Consider yourself mathematically modelled
12 Feb 2018 by Evoluted New Media
Researchers from Queen Mary University of London have mathematically modelled the very act of ‘innovation’.
The study, published in Physical Review Letters, introduces a new mathematical framework that correctly reproduces the rate at which novelties emerge in real systems, known as Heaps’ law, and can explain why discoveries are strongly correlated and often come in clusters.
Lead author Professor Vito Latora, from Queen Mary’s School of Mathematical Sciences, said: “Studying the processes through which innovations arise can help understanding the main ingredients behind a winning idea, a breakthrough technology or a successful commercial activity, and is fundamental to devise effective data-informed decisions, strategies, and interventions to nurture the success and sustainable growth of our society.”

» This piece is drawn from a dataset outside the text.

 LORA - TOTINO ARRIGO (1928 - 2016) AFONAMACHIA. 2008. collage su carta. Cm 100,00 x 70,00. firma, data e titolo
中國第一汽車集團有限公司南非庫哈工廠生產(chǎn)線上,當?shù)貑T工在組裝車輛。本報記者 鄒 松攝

The team say that studying creative processes and understanding how innovations arise and how novelties can trigger further discoveries could lead to effective interventions to nurture the success of future attempts. Empirical findings have shown that the way in which novelties are discovered follows similar patterns in a variety of different contexts including science, arts, and technology.

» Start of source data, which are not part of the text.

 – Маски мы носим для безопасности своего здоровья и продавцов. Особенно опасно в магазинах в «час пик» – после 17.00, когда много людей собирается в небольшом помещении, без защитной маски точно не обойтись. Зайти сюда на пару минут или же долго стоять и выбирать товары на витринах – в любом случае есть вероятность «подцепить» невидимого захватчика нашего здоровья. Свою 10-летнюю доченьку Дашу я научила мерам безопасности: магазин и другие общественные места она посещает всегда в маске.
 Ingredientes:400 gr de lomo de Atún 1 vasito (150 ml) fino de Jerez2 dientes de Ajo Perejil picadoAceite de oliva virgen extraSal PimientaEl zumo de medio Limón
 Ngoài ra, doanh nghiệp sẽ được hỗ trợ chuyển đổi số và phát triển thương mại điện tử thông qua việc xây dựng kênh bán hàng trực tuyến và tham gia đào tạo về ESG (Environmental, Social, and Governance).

In the study, the discovery process is modelled as a particular class of random walks, named ‘reinforced’ walks, on an underlying network of relations among concepts and ideas. An innovation corresponds to the first visit to a site of the network, and every time a walker moves from a concept to another, such association (an ‘edge’ in the network) is reinforced so that it will be used more frequently in the future. The researchers named this the 'edge-reinforced random walk' model.
To show how the model works in a real case, they also constructed a dataset of 20 years of scientific publications in different disciplines, such as astronomy, ecology, economics and mathematics to analyse the appearance of new concepts. This showed that, despite its simplicity, the edge-reinforced random walk model is able to reproduce how knowledge grows in modern science.